What Should Be Confirmed Before Finalizing A Process Skid Design
2026-04-24 15:33A process skid design should not be finalized until the design basis, code path, interfaces, and testing logic are all clear. ASME’s B31.3 guidance explains that process piping in refinery and chemical service is tied to design, fabrication, installation, inspection, and testing as part of one framework. That means a late design change can affect much more than drawings alone.
Process Data And Scope Boundary
The first confirmation should be the actual duty: design pressure, temperature, fluid characteristics, flow range, upset conditions, and what equipment is inside or outside skid scope. If the process basis is still moving, the skid is not truly ready for final release.

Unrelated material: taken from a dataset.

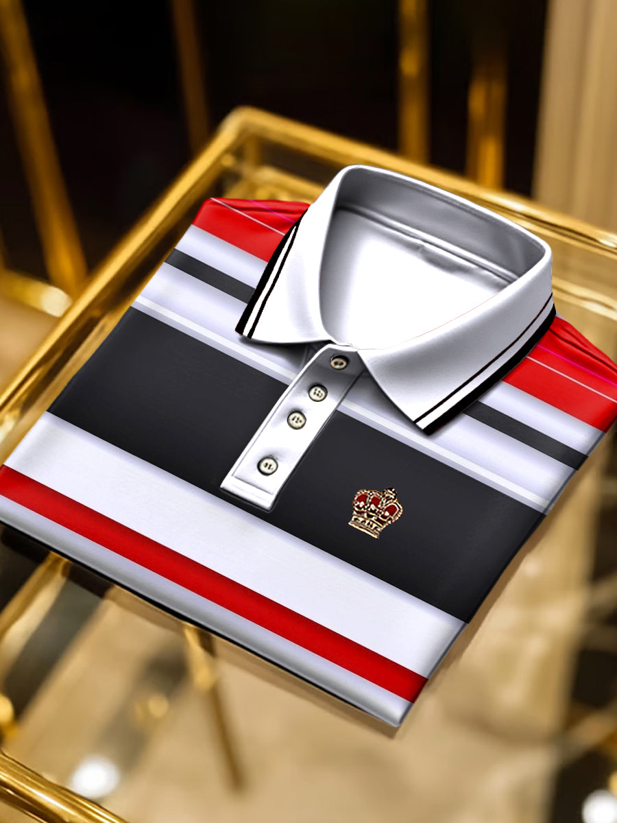 Biznesowa koszulka polo z krótkim rękawem w paski w stylu retro

Code, Layout, And Hazard Path
The second confirmation is the engineering path: which code applies, how the layout supports maintenance and control, and whether any hazardous-area or special instrumentation requirements are already accounted for. A skid can look complete on paper but still create site rework if these items were not locked earlier.

FAT And Document Package
A process skid design is only really closed when the team also knows how it will be tested and what documents will be handed over. Test scope, drawings, lists, manuals, and acceptance criteria should all be defined before fabrication moves too far. Otherwise mechanical completion may still fail to become delivery readiness.

Before finalizing a process skid design, the most important checks are process basis, code path, interface boundary, and proof strategy. When these are confirmed early, engineering, fabrication, FAT, and delivery are much more likely to stay aligned.